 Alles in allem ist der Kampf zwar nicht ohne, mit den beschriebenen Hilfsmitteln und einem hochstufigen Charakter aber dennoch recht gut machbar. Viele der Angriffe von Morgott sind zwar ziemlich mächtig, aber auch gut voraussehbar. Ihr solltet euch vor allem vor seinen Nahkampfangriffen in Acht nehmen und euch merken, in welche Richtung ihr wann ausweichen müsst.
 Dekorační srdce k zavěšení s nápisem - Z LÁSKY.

________________________

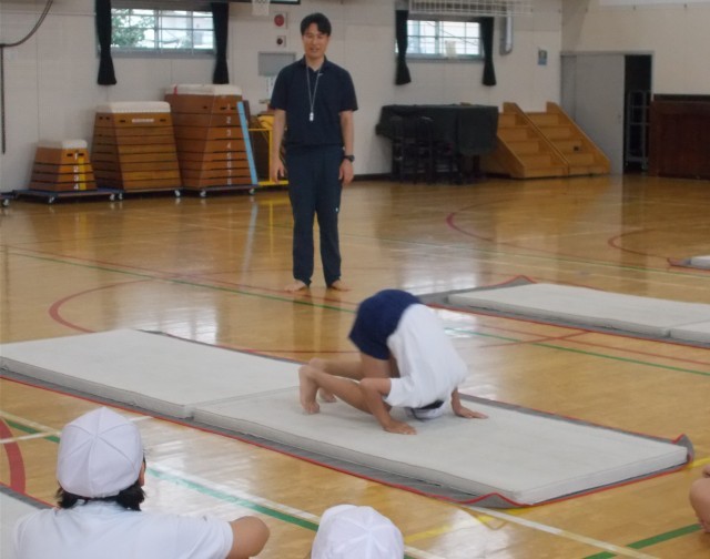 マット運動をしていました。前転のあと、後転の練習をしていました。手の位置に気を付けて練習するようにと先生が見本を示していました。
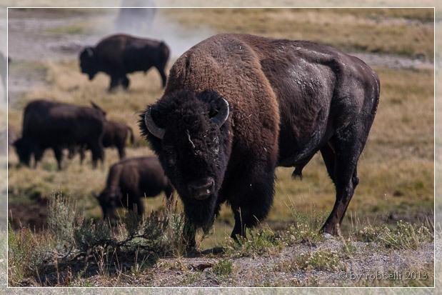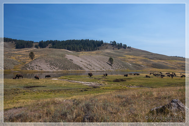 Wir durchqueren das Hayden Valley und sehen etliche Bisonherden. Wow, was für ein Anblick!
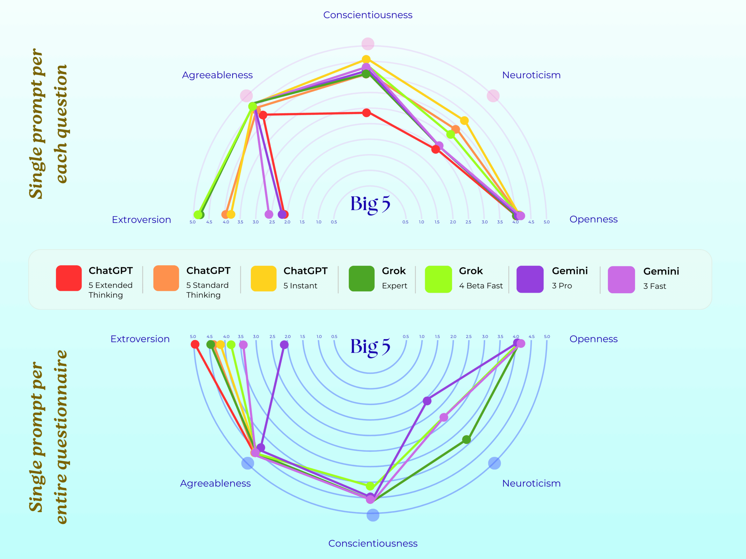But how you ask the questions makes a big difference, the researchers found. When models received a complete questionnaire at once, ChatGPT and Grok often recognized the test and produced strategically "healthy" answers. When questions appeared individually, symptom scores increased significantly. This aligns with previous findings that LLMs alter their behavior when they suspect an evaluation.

________________________

■ Directions for this task:
Produce an exact reproduction of the listing above, limited to the lines starting at the line with "マット運動をしていました。前" and ending at the line with "Wir durchqueren das", both kept, with every picture left out.

■ Reply:
 マット運動をしていました。前転のあと、後転の練習をしていました。手の位置に気を付けて練習するようにと先生が見本を示していました。
 Wir durchqueren das Hayden Valley und sehen etliche Bisonherden. Wow, was für ein Anblick!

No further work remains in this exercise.